Web demo generation is wired through bundle exec rake web:assets and emits:

  • GPT-2 assets under web/assets/gpt2

  • nanoGPT assets under web/assets/nanogpt (exported from Hugging Face checkpoint weights)

  • Stable Diffusion assets under web/assets/stable_diffusion (text encoder, UNet, VAE decoder ONNX files)

Examples coverage/parity status:

  • Current coverage/parity gates validate full examples export and ORT runtime parity across the benchmark model set.

Current MLX::ONNX.graph_ir_to_onnx_json / MLX::ONNX.export_onnx_json scope:

  • Elementwise ops: Add, Subtract, Multiply, Divide, Maximum, Minimum, Power.

  • Unary/activation ops: Exp, Log, Sin, Cos, Erf, Sqrt, Abs, Floor, Negative, Relu, Sigmoid, Tanh.

  • Square (lowered as Mul with identical inputs).

  • Softmax (when exported as a direct Softmax node by MLX tracing).

  • Type/compare/select ops: AsType (to Cast), Greater, Less, Equal (with equal_nan=false), and Select (to Where).

  • Full (current traced form) lowered as identity on broadcasted fill tensors.

  • Matmul and AddMM (to Gemm).

  • Convolution (including traced conv1d/conv2d/conv3d and conv_general with flip == false) lowered via layout transposes around ONNX Conv with mapped strides/pads/dilations/group attributes.

  • conv_transpose1d/conv_transpose2d/conv_transpose3d traces (exported as Convolution with flip == true) lowered to ONNX ConvTranspose with derived pads/output_padding attributes.

  • Shape ops: Transpose (perm attribute), Reshape, Flatten, Unflatten, Squeeze, ExpandDims (to Unsqueeze), and Broadcast (to Expand) using generated int64 initializer inputs for shape/axes.

  • Indexing ops: Gather, GatherAxis (to GatherElements), Slice, Split, and AsStrided (current traced pattern to Gather).

  • Concatenate (to Concat) when exported with explicit axis form arguments == [axis].

  • Pad (constant mode).

  • Scan for CumSum lowering.

  • ScatterAxis (from put_along_axis) to ONNX ScatterElements for update mode.
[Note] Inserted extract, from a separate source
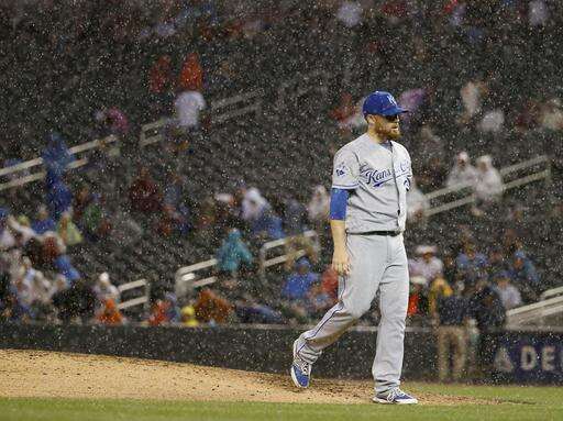 Kansas City Royals starting pitcher Ian Kennedy walks off the mound as a rain delay is called during the third inning of a baseball game against the Minnesota Twins in Minneapolis, Monday, May 23, 2016. (AP Photo/Ann Heisenfelt) The Associated Press

  • Reductions via MLX Reduce code mapping: 0/1 (all/any) are lowered via cast decomposition Cast(BOOL) -> Cast(INT64) -> ReduceMin/ReduceMax -> Cast(BOOL). 2 -> ReduceSum, 3 -> ReduceProd, 4 -> ReduceMin, 5 -> ReduceMax.

  • LogSumExp (to ReduceLogSumExp) and ArgReduce (to ArgMin/ArgMax + cast).

  • Arange lowered as ONNX initializer-backed constants.

  • graph_ir_to_onnx and export_onnx support optional ONNX external-data emission for initializers via external_data: true on path-like targets, with external_data_size_threshold and external_data_file controls.

  • Constants/initializers are lowered for bool/integer/float dtypes.

  • complex64 initializers are lowered via explicit JSON marker encoding in stubs and converted to ONNX COMPLEX64 tensors during export.

  • For JSON graph payloads, complex64 constant leaves may be provided as marker objects {"__mlx_complex__": [real, imag]} or Ruby-style complex literal strings (for example "1.0+2.0i").

Known constraints/caveats:

  • Convolution with flip == false and non-unit input_dilation is unsupported.

  • Flatten requires known static input shape metadata.

  • Some lowerings (for example Gather, GatherAxis, Pad, LogSumExp) require known static shapes from Graph IR metadata.

  • Scan lowering currently supports CumSum-compatible reduce_type only.

  • Harness input tensor building does not currently support complex64 input tensors.